From the Guidelines
Balanoposthitis should be treated with improved hygiene and topical antifungal or antibacterial creams, and in recurrent cases, circumcision may be recommended as a definitive treatment option. Balanoposthitis is an inflammation of the glans penis (balanitis) and the foreskin (posthitis) that occurs simultaneously. Treatment depends on the cause but typically includes improved hygiene and topical antifungal creams like clotrimazole 1% applied twice daily for 7-14 days if a fungal infection is present, as suggested by the Centers for Disease Control and Prevention in their 2002 guidelines for treating sexually transmitted diseases 1. For bacterial infections, antibacterial creams such as mupirocin 2% applied three times daily for 7-10 days may be prescribed. During treatment, it is essential to keep the area clean and dry by gently washing with warm water (avoiding soap), retracting the foreskin if possible, and thoroughly drying afterward. Avoiding sexual activity until symptoms resolve is also recommended.

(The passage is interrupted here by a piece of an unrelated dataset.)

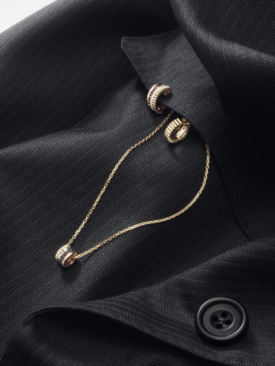 毋庸置疑,此款吊坠可混搭任意Quatre系列单品打造百变风格。例如同时叠戴多枚耳夹与吊坠项链,搭配简约款超大男士外套,尽显洒脱个性;亦可搭配经典款西装外套、长裙和低筒靴,为日常装扮注入生气。

Some key considerations in managing balanoposthitis include:
- Identifying the underlying cause of the infection to guide treatment
- Maintaining good hygiene to prevent the growth of microorganisms
- Using appropriate topical treatments based on the cause of the infection
- Considering circumcision in cases of recurrent balanoposthitis, especially if phimosis is a contributing factor, as circumcision may have a role in managing conditions like lichen sclerosus, which can cause similar symptoms 1.
If symptoms persist beyond two weeks of treatment, recur frequently, or are accompanied by severe pain, fever, or discharge, a medical evaluation is necessary to reassess the treatment plan and consider other potential causes or complications. The warm, moist environment under the foreskin creates ideal conditions for microorganism growth, particularly when hygiene is inadequate, making preventive measures crucial in managing and preventing balanoposthitis.
From the Research
Definition and Causes of Balanoposthitis
- Balanoposthitis is defined as inflammation of the glans penis and/or prepuce, with a wide range of causes including infection, dermatoses, and premalignancy 2.
- Infection is the most frequent cause, with various microorganisms reported, including Candida albicans, Staphylococcus spp., and groups B and D Streptococci 3.
- The clinical aspect of balanoposthitis is often non-specific, making diagnosis and treatment a challenge 3, 4.
Diagnosis and Treatment of Balanoposthitis
- A targeted medical history and clinical examination are necessary for correct diagnosis and treatment of balanoposthitis 4.
- Laboratory tests, such as culture studies, can help confirm the diagnosis and identify the underlying cause 3.
- Treatment options vary depending on the cause, with antifungal agents commonly used for infectious balanitis, and antibiotic therapy used for non-candida balanitis 3.
- The 2022 European guideline for the management of balanoposthitis provides updated recommendations for diagnosis and treatment, including management of infective balanitis and premalignant conditions 2.
Epidemiology and Complications of Balanoposthitis
- Balanoposthitis is a common condition, affecting 53.9% of male STD clinic patients in one study 3.
- Recurrences are common, with 12.7% of patients experiencing recurrences in one study 3.
- Premalignant conditions, such as penile intraepithelial neoplasia (PeIN), are a potential complication of balanoposthitis 2.
- High-quality evidence specific to the management of penile disease is not available for all conditions described, highlighting the need for further research 2, 5, 6.